About this task —
Make an exact copy of the listing underneath, skipping each picture.

Input data —
+++
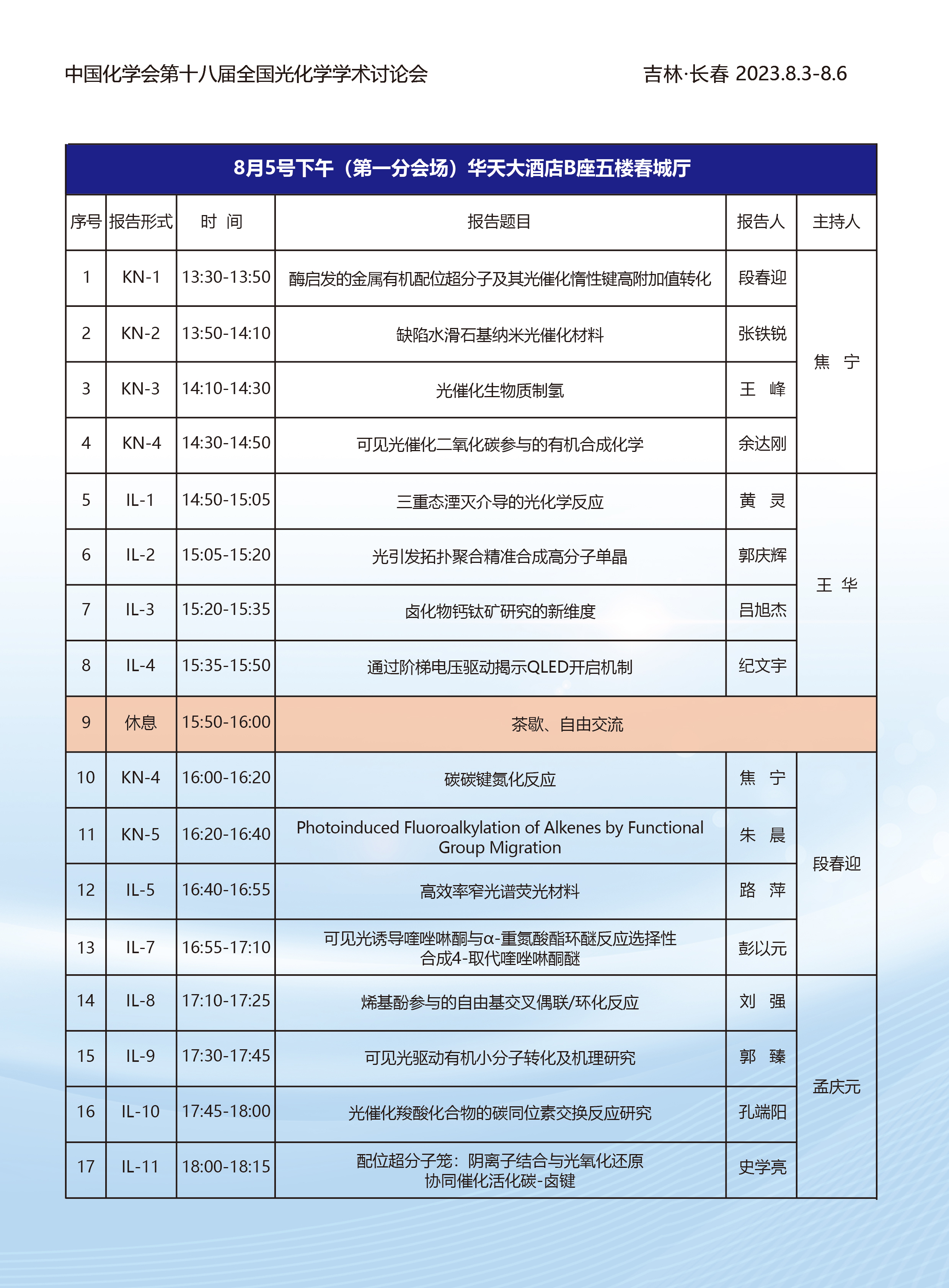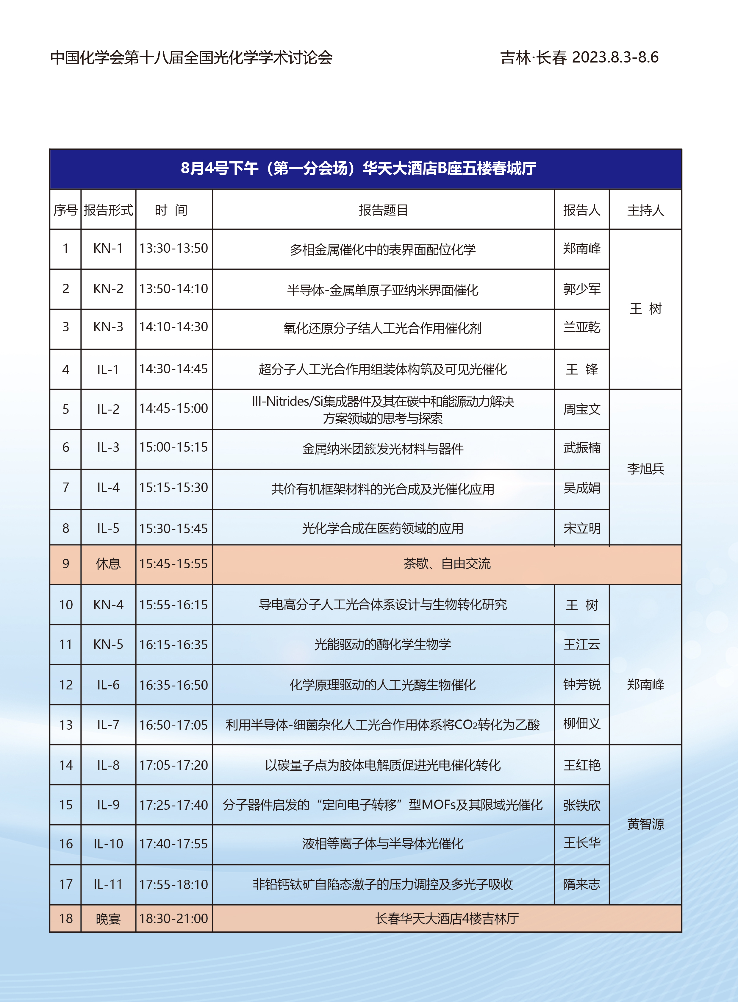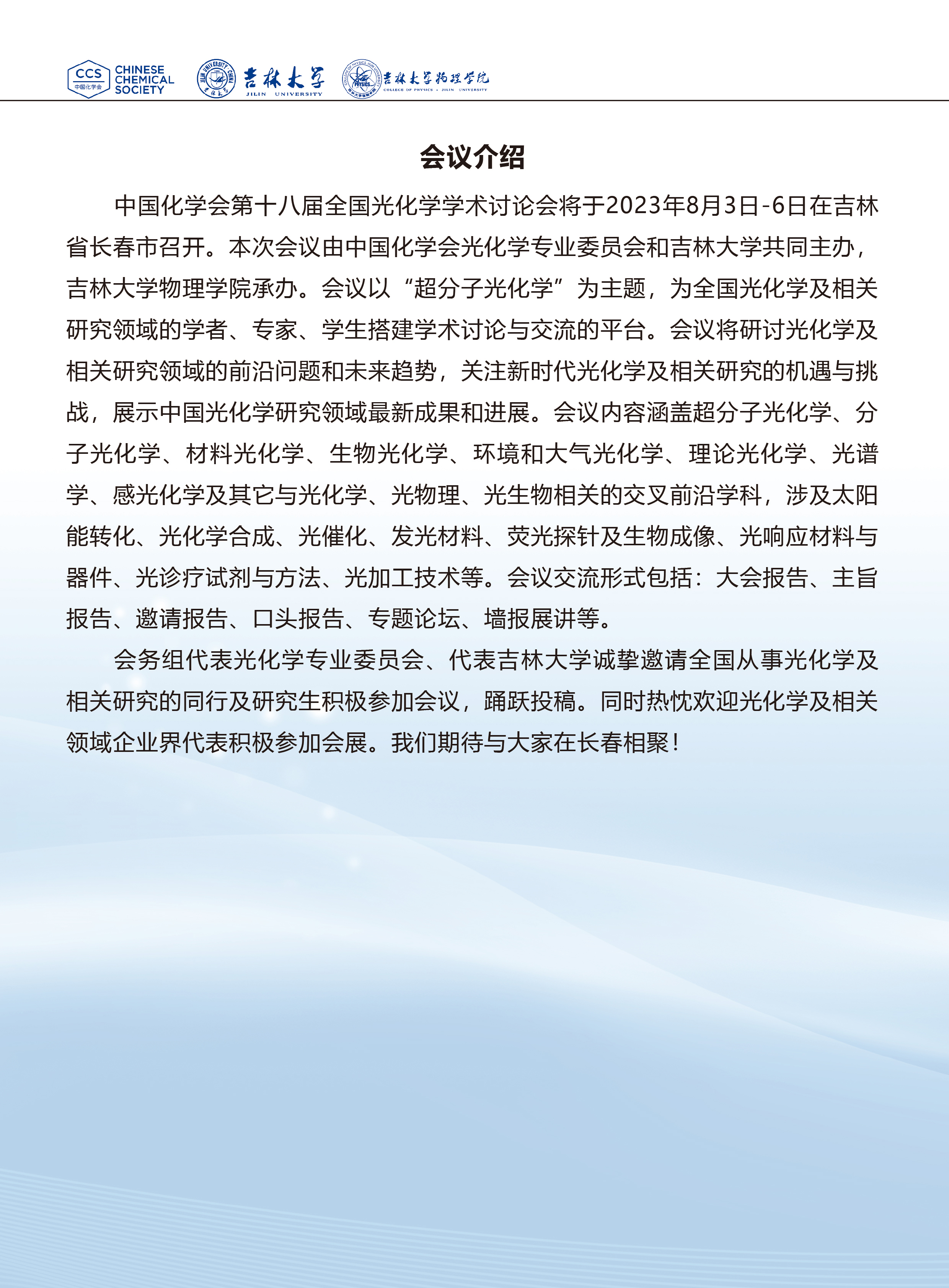 2023中国化学会第十八届全国光化学学术研讨会第三轮通知
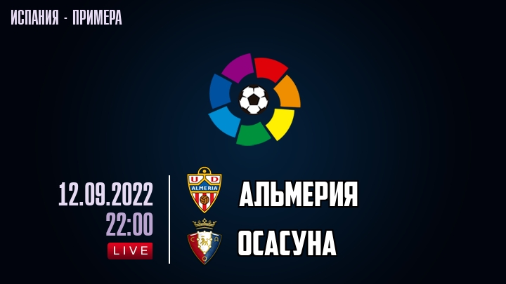 12 сентября 2022 года, состоялась онлайн трансляция футбольного матча между футбольным клубом Альмерия и футбольным клубом Осасуна, проходящего в рамках чемпионата Испании.
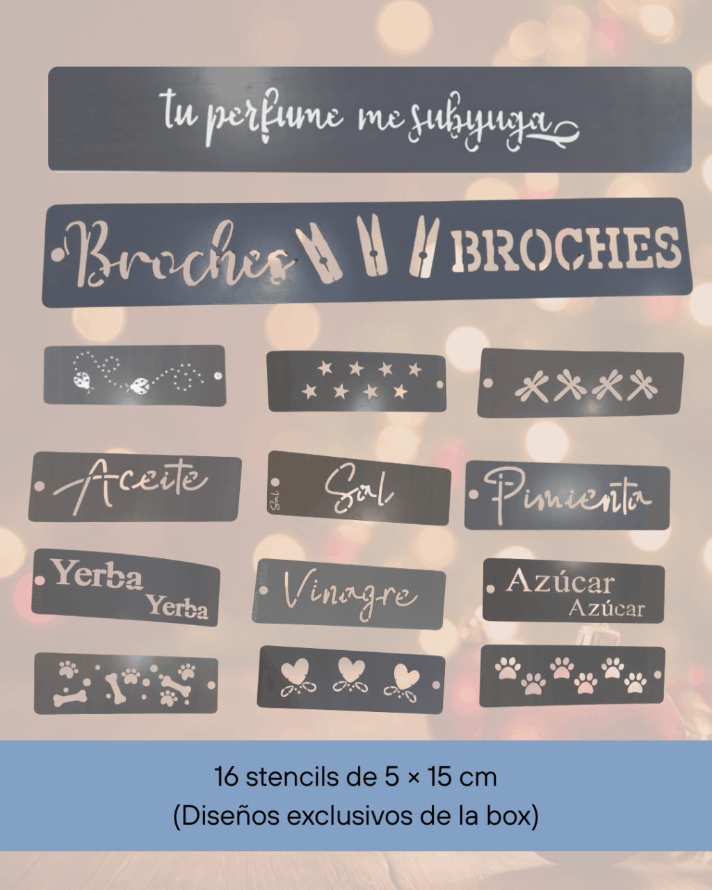 16 stencils de 5 × 15 cm (para pequeños detalles)
+++
Task result —
 2023中国化学会第十八届全国光化学学术研讨会第三轮通知
 12 сентября 2022 года, состоялась онлайн трансляция футбольного матча между футбольным клубом Альмерия и футбольным клубом Осасуна, проходящего в рамках чемпионата Испании.
 16 stencils de 5 × 15 cm (para pequeños detalles)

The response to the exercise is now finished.